_EXERCISE PROMPT_
From the records that follow, return exactly the lines beginning at the one that contains "再看基礎(chǔ)版會員對應" and ending at the one that contains "Eliya anî ziman", pictures left out.

- - -

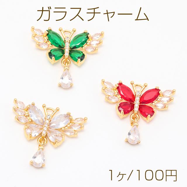 ガラスチャーム フラワー 羽ばたく蝶々 揺れるしずく ストーン付き 可憐 メタルチャーム 約20×23mm(1ヶ)
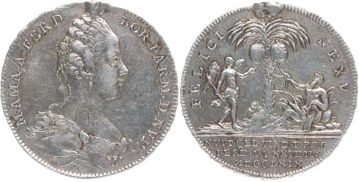 A.Wideman - na zasnoubení s Ferdinandem Bourbonským 27.6.1769, Portrét arcivévodkyně zprava, opis / 2 alegorické postavy pod stromem se znaky, Sign.A.W., Ag 25 mm, 3.86 g, Mo.1999 LG.XIV/238, Ho.3304, SD.215_st. po o.
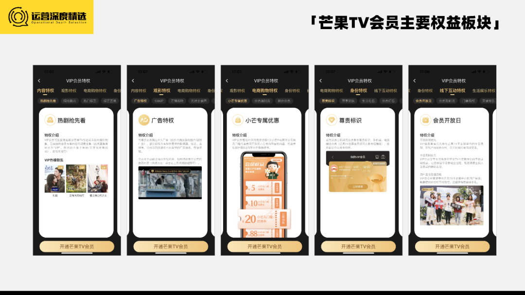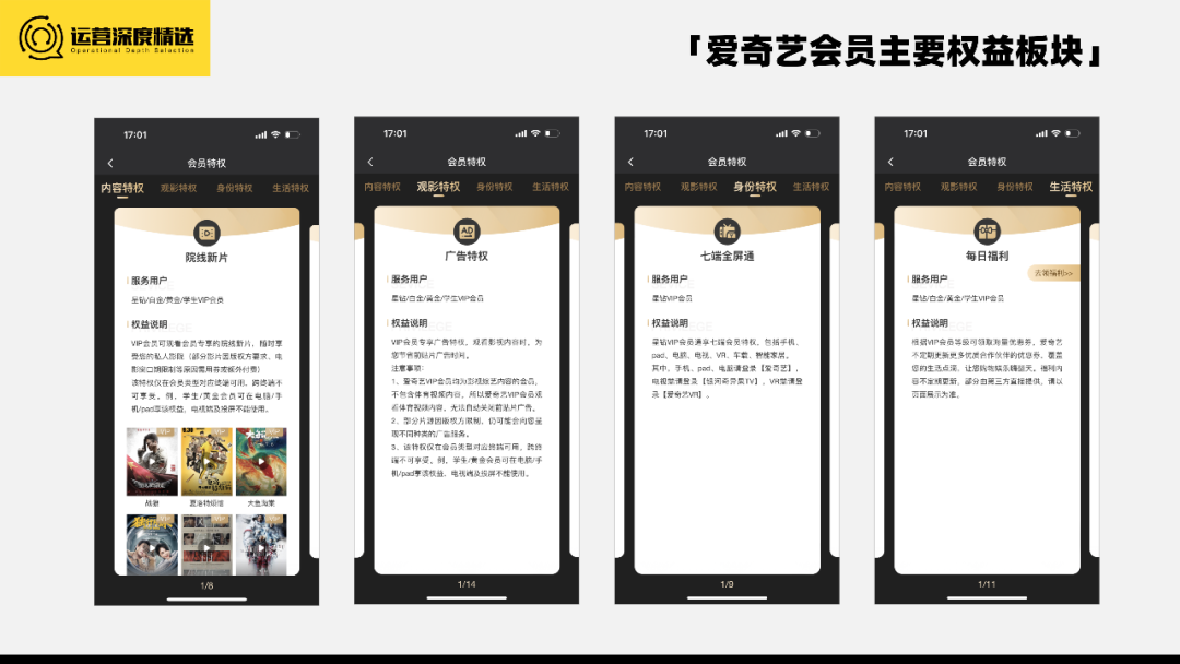再看基礎(chǔ)版會員對應(yīng)的權(quán)益,共分了8大板塊,包含內(nèi)容特權(quán)、觀影特權(quán)、電商特權(quán)、身份特權(quán)、線下互動特權(quán)等,在前幾者等基礎(chǔ)上做了更細分的權(quán)益劃分。
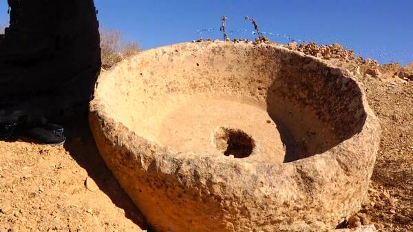 Eliya anî ziman ku li nêzî goran jî makîneya guvaştina zeytûnan, bi şêweyekî giroverî hatiye çêkirin hatiye dîtin û got: “Ev kevir ji dema dapîr û bapîrên me de heye, lê ev kevir çend salî ne hê jî kes nizane.”
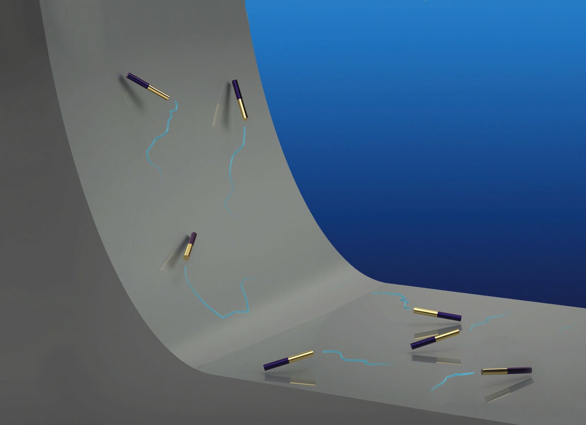 The motorized swimmers, or nanorods, are roughly 1/40th the width of a strand of human hair and were tasked with moving up an inclined surface while immersed in a liquid solution within a walled container. The swimmers were composed of two types of metal: gold and rhodium as well as gold and platinum — a make-up that gave them unbalanced densities given the varying weights of these metals. The swimmers’ composition, liquid environment, and juxtaposition of surfaces enabled them to move upward, despite their significant weight.

- - -

_COMPLETED EXERCISE_
再看基礎(chǔ)版會員對應(yīng)的權(quán)益,共分了8大板塊,包含內(nèi)容特權(quán)、觀影特權(quán)、電商特權(quán)、身份特權(quán)、線下互動特權(quán)等,在前幾者等基礎(chǔ)上做了更細分的權(quán)益劃分。
 Eliya anî ziman ku li nêzî goran jî makîneya guvaştina zeytûnan, bi şêweyekî giroverî hatiye çêkirin hatiye dîtin û got: “Ev kevir ji dema dapîr û bapîrên me de heye, lê ev kevir çend salî ne hê jî kes nizane.”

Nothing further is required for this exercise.